When providing the numerical value to the titles the model is predicting whether or not the title is sarcastic. The closer a title is to 1 the more likely the article title is sarcastic. Inversely, the closer the title is to 0 the more likely the title is not sarcastic. The model did a better job than I thought it would. Honestly, with the state of everything in the world I sometimes have a hard time telling if a title is sarcastic or not, so I thought the model did well. The only article that I believe the model got incorrect was the second article title it classified as sarcastic, but based on the tone of the article, itself, I do not think it is. However, 10 years go in the world of politics the need to know and specific whether or not a party candidate for the Presidency would have come across as so unnecessary that it would sarcastic, so I do understand the mistake on the model’s part.

Text generation with an RNN

Question 1: Use the generate_text() command at the end of the exercise to produce synthetic

output from your RNN model. Run it a second time and review the output. How has your RNN model been able to “learn” and “remember” the shakespeare text in order to reproduce a similar output?

Answer:

Generated Shakespear Text:

RNN models are able to learn the sequences of the letters/strings and then generate new plausible sequences for the letters/strings. First the model is able to have the strings represented by numerical values. Then it takes the first string/letter specified and will predicted/generate the next string/letter based on the learned sequence from the provided text the model.

Stretch Goal: Harry Potter Generated Text

The Harry Potter text for the most part does not make sense and has words that do not even exist; however, an aspect that really surprised me was that when predicting dialogue between characters it was able to still get across the attitude of the characters that they have towards each other. The model should definitely be run for more epochs and probably have the model layers be adjusted a little.
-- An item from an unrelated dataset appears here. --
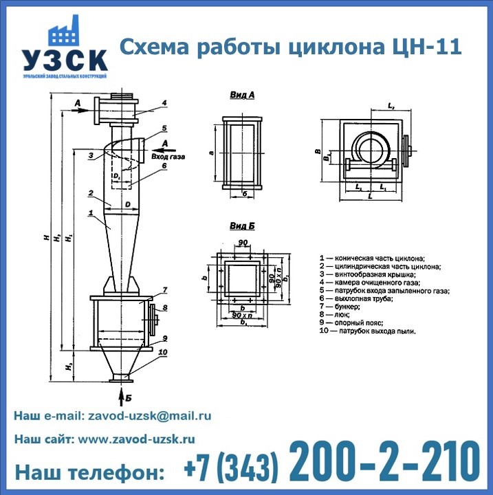 При этом ощутимой разницы в цене между универсальным и узконаправленным, подобранным в соответствии с конкретными техническими требованиями циклоном, нет. Стоимость воздухоочистительного оборудования типа циклон обусловлена маркой и толщиной стали, из которого он изготовлен, сложностью и специфичностью конструкции, наличием дополнительного оснащения (бункер, улитка и другие). При необходимости, на заводе УЗСК в Аксу будет изготовлен циклон по индивидуальным техническим чертежам заказчика.

Neural machine translation with attention

Question 1: Use the translate() command at the end of the exercise to translate three sentences

from Spanish to English. How did your translations turn out?

Answer:

It did not go very well, which makes sense to me. Throughout Arabic class at College it has always been painfully obvious when someone tries to use Google Translate for assignments, because it does not understand the aspects of the word that have to do with culture or even if you have words that can appear to mean the same thing but they are used in different contexts.